▸ What needs to be done
Write out the following listing's lines from the one with "9月2日上午7点多,新沙小学" to the one with "Sollte es jemand", exactly, with both included and no others.

▸ Provided material
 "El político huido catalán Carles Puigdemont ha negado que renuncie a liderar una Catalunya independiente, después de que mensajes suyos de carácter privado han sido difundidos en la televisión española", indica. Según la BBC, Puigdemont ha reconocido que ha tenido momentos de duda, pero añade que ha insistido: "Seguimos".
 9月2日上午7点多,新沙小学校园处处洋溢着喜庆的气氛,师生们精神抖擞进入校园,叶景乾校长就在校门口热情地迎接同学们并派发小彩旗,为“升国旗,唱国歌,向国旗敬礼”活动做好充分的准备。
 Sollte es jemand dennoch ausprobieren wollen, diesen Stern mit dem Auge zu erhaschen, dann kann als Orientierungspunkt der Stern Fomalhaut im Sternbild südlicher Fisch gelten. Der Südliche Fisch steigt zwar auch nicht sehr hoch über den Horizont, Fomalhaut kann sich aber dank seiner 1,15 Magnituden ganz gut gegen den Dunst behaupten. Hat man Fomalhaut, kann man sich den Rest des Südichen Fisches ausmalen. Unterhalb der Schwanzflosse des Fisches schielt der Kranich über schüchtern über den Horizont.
==
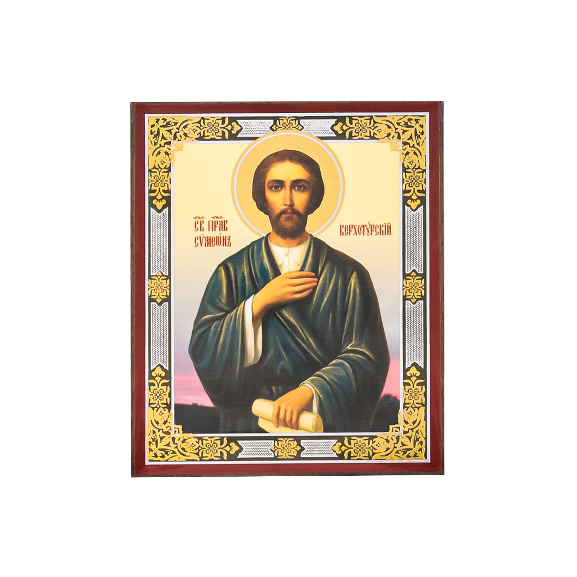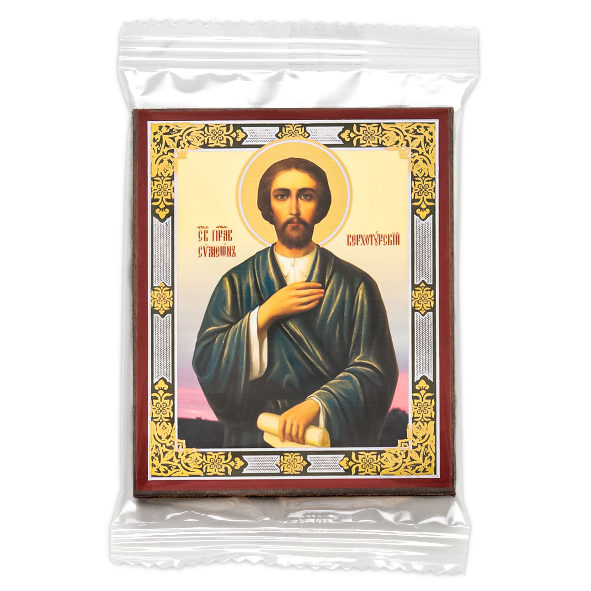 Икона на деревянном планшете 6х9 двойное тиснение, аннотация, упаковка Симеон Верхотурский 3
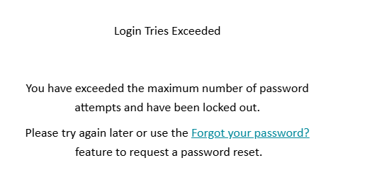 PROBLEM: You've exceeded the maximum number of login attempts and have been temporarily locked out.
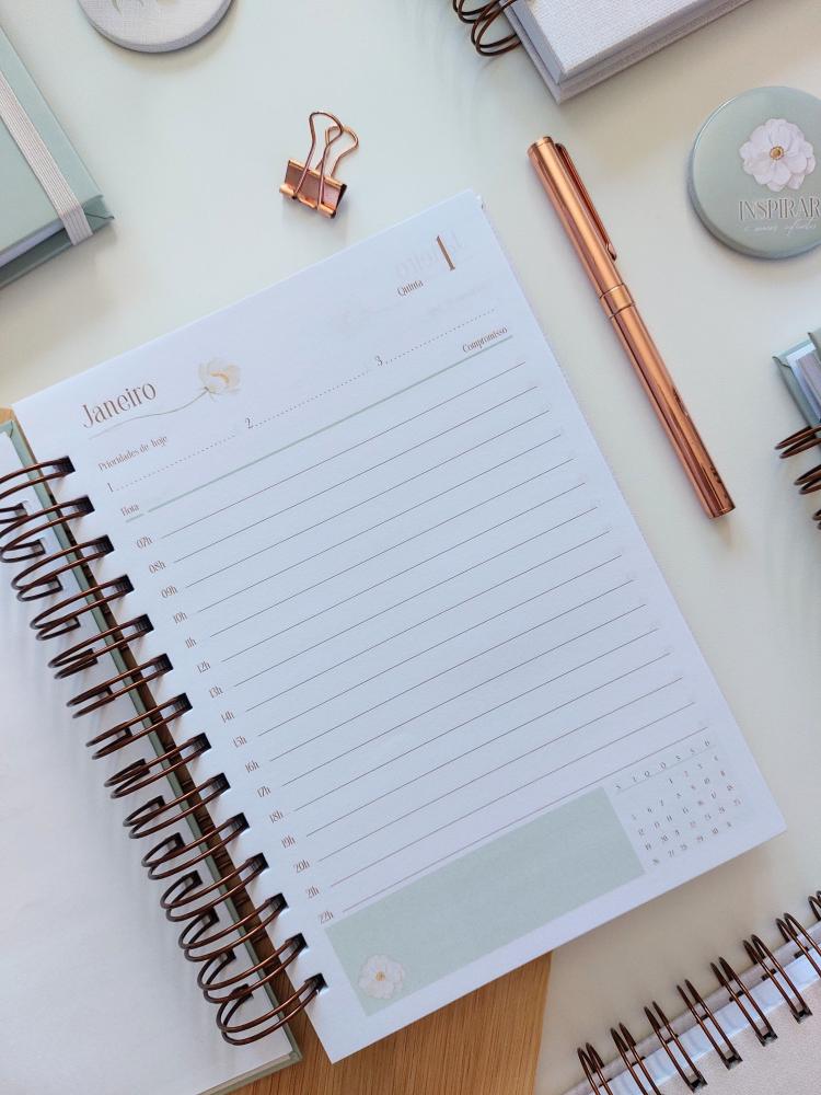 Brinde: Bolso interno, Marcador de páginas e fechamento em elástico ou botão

▸ Your response
 9月2日上午7点多,新沙小学校园处处洋溢着喜庆的气氛,师生们精神抖擞进入校园,叶景乾校长就在校门口热情地迎接同学们并派发小彩旗,为“升国旗,唱国歌,向国旗敬礼”活动做好充分的准备。
 Sollte es jemand dennoch ausprobieren wollen, diesen Stern mit dem Auge zu erhaschen, dann kann als Orientierungspunkt der Stern Fomalhaut im Sternbild südlicher Fisch gelten. Der Südliche Fisch steigt zwar auch nicht sehr hoch über den Horizont, Fomalhaut kann sich aber dank seiner 1,15 Magnituden ganz gut gegen den Dunst behaupten. Hat man Fomalhaut, kann man sich den Rest des Südichen Fisches ausmalen. Unterhalb der Schwanzflosse des Fisches schielt der Kranich über schüchtern über den Horizont.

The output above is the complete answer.